■ Problem ■
Return the data below unchanged, without images.

■ Information shown ■
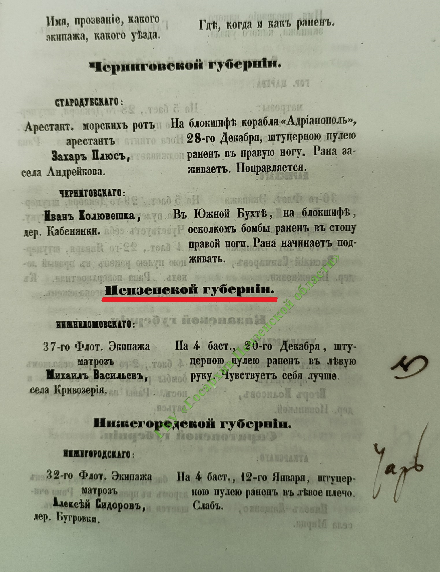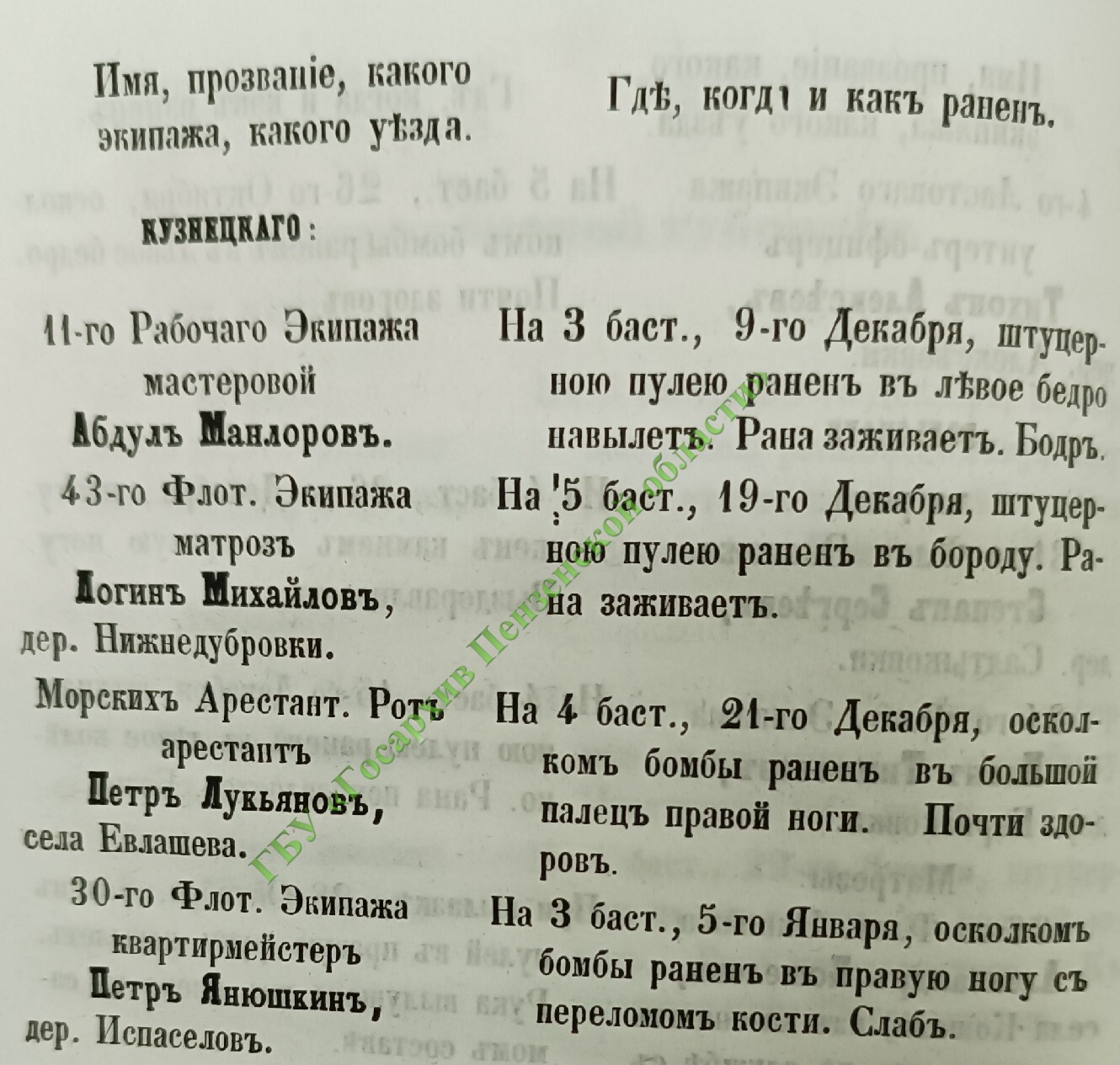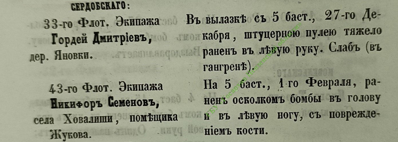 Также в списках раненых есть любопытная информация об уроженцах нашего края. К примеру, про матроса 37-го флотского экипажа Михаила Васильева говорится следующее: «На 4-м бастионе, 20 декабря, штуцерною пулею ранен в левую руку. Чувствует себя лучше», или о квартирмейстере Янюшкине: «Осколком бомбы ранен в правую ногу с переломом кости. Слаб».
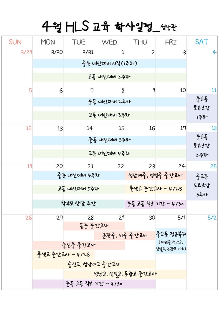 봄바람이 부드럽게 불어오는 4월입니다 [The Way to the BEST] 안녕하세요, 결과를 약속하는 금광동 영어학원 HLS교육 S CLASS입니다 거리마다 벚꽃이 흐드러지게 피어나며 순간의 소중함과 새로운 시작을 이야기하는 계절입니다. 하지만, 학생들에게 벚꽃은 단순한 계절의 의미가 아닙니다. 벚꽃의 꽃말은 ‘중간고사’이기도 합니다. 새로운 학년의 첫 시험인 만큼 HLS는 4월을 가장 중요한 시기로 보고 내신 대비에 모든 초점을 맞춰 운영합니다. 위 일정과 같이 H4월은 전체 기간이 내신 대비 중심으로 운영됩니다. 금광동 영어학원HLS교육 S CLASS 4월 핵심 운영 방향 ✔ 중등 / 고등 내신 대비 집중 기간 ✔ 학부모....... <img src="https://blogthumb.pstatic.net/MjAyNjA0MDFfMTY1/MDAxNzc1MDI2NDg0Mzgz.hCfCfG_JxESuxq_bH9MmjBdVa1CypsCuCckFblb4Hb4g.e5p-KM37hdO-VuyFr7kO-aSK-wmebOtnTB4rwv-H51cg.JPEG/%BC%BA%B3%B2.jpg?type=s3" />
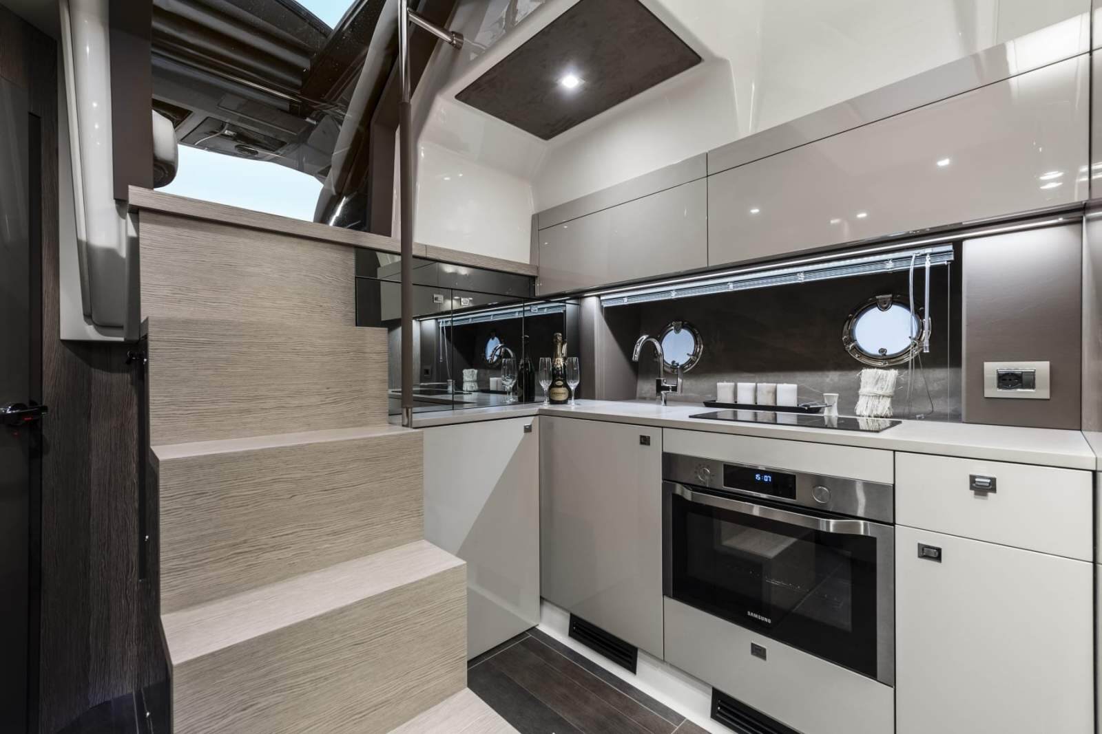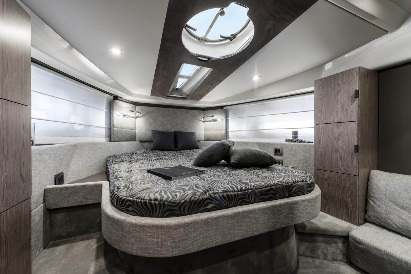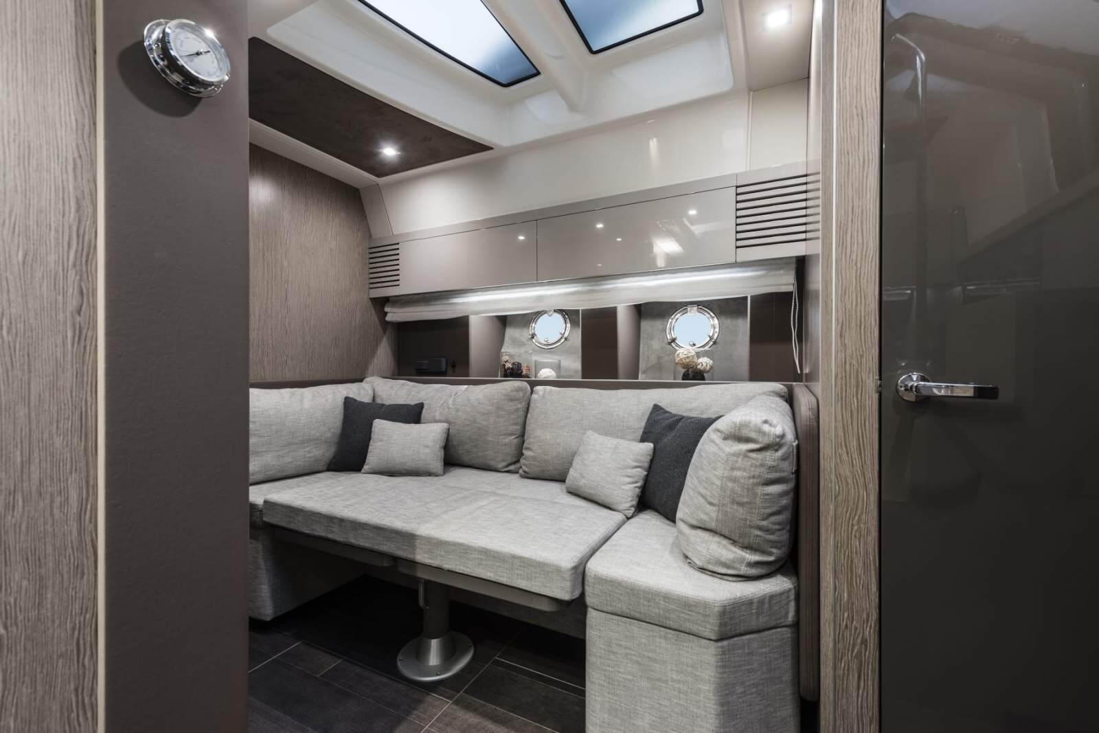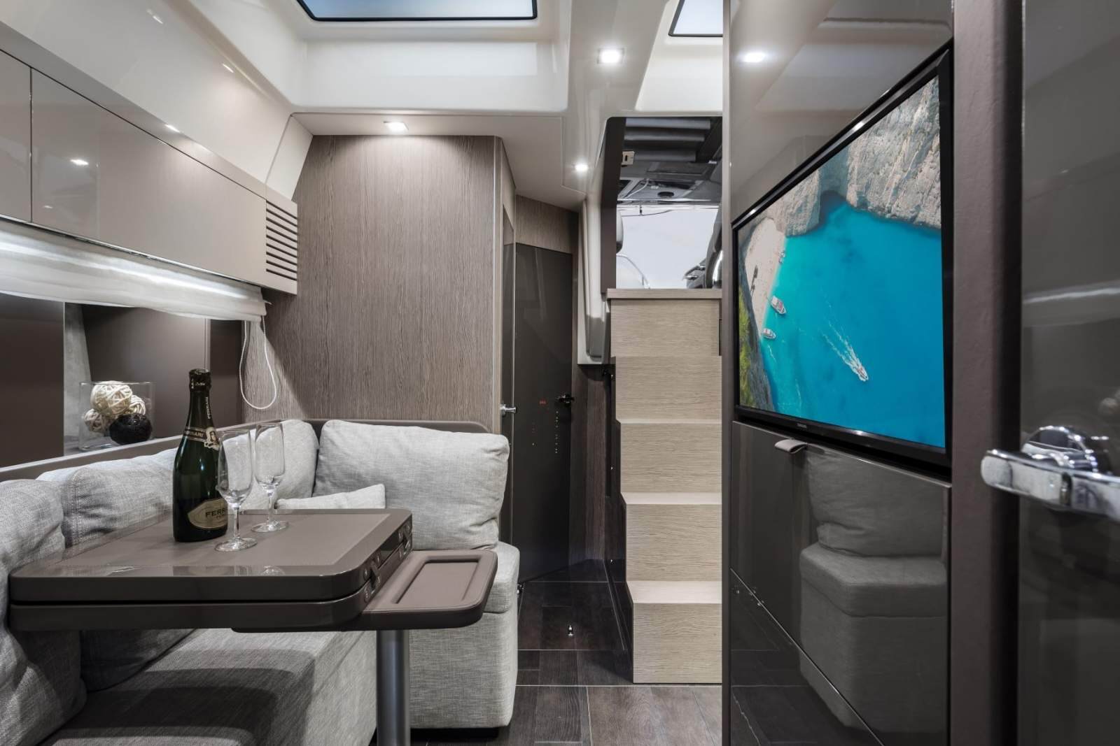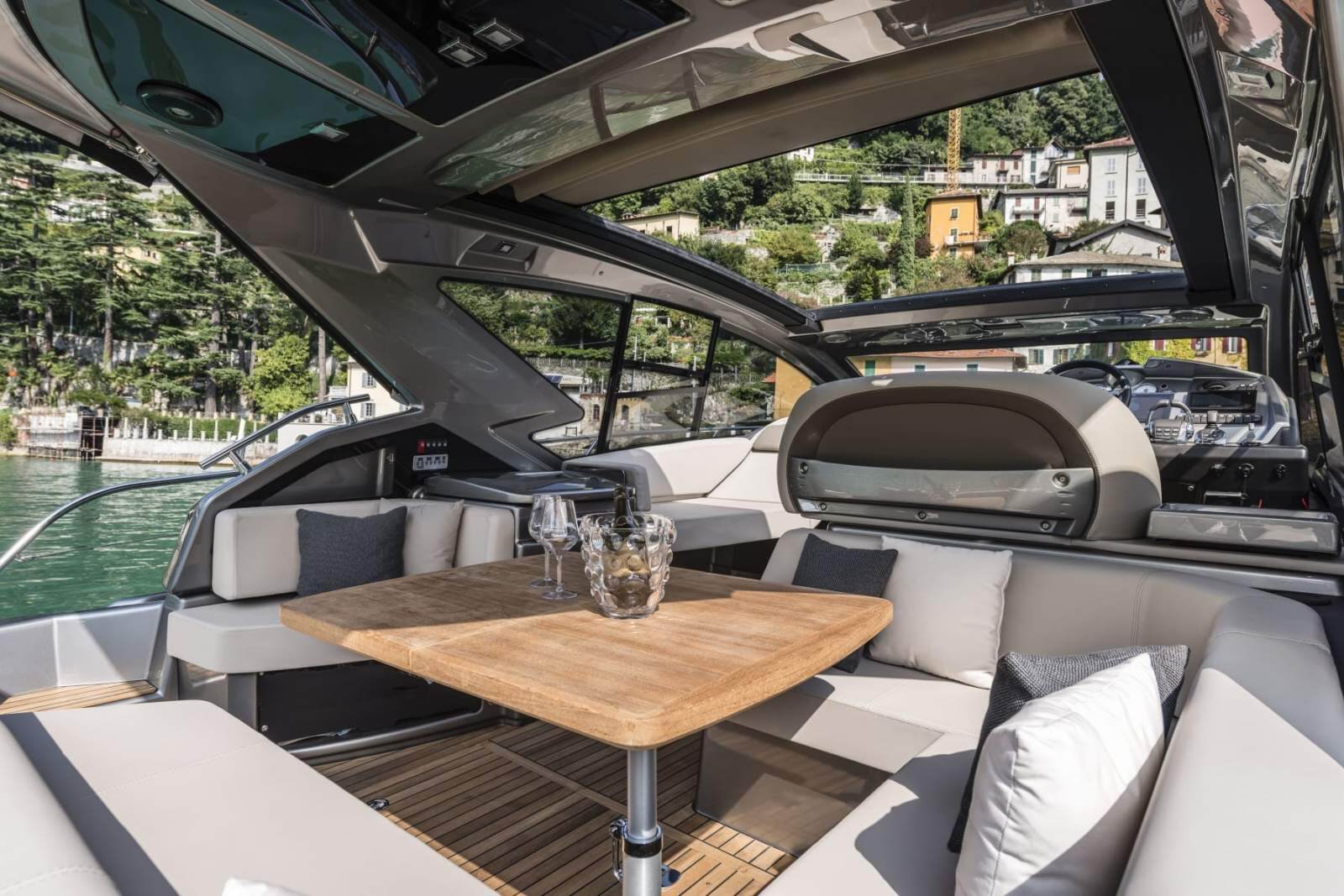 Cleverness combines with simplicity - The soft top provides maximum protection to the cockpit, at the same time offering a large opening which transforms the Cranchi M44 HT into an authentic open top when required. When you wish to be more sheltered, on the other hand, the excellent insulation of the roof creates a warm and closed space. The top covers the dinette which is back of the pilot station, while on the left is the galley unit and the chaise-longue which makes use of the roof opening for sunbathing.

■ Reply to the exercise ■
 Также в списках раненых есть любопытная информация об уроженцах нашего края. К примеру, про матроса 37-го флотского экипажа Михаила Васильева говорится следующее: «На 4-м бастионе, 20 декабря, штуцерною пулею ранен в левую руку. Чувствует себя лучше», или о квартирмейстере Янюшкине: «Осколком бомбы ранен в правую ногу с переломом кости. Слаб».
 봄바람이 부드럽게 불어오는 4월입니다 [The Way to the BEST] 안녕하세요, 결과를 약속하는 금광동 영어학원 HLS교육 S CLASS입니다 거리마다 벚꽃이 흐드러지게 피어나며 순간의 소중함과 새로운 시작을 이야기하는 계절입니다. 하지만, 학생들에게 벚꽃은 단순한 계절의 의미가 아닙니다. 벚꽃의 꽃말은 ‘중간고사’이기도 합니다. 새로운 학년의 첫 시험인 만큼 HLS는 4월을 가장 중요한 시기로 보고 내신 대비에 모든 초점을 맞춰 운영합니다. 위 일정과 같이 H4월은 전체 기간이 내신 대비 중심으로 운영됩니다. 금광동 영어학원HLS교육 S CLASS 4월 핵심 운영 방향 ✔ 중등 / 고등 내신 대비 집중 기간 ✔ 학부모....... <img src="https://blogthumb.pstatic.net/MjAyNjA0MDFfMTY1/MDAxNzc1MDI2NDg0Mzgz.hCfCfG_JxESuxq_bH9MmjBdVa1CypsCuCckFblb4Hb4g.e5p-KM37hdO-VuyFr7kO-aSK-wmebOtnTB4rwv-H51cg.JPEG/%BC%BA%B3%B2.jpg?type=s3" />
 Cleverness combines with simplicity - The soft top provides maximum protection to the cockpit, at the same time offering a large opening which transforms the Cranchi M44 HT into an authentic open top when required. When you wish to be more sheltered, on the other hand, the excellent insulation of the roof creates a warm and closed space. The top covers the dinette which is back of the pilot station, while on the left is the galley unit and the chaise-longue which makes use of the roof opening for sunbathing.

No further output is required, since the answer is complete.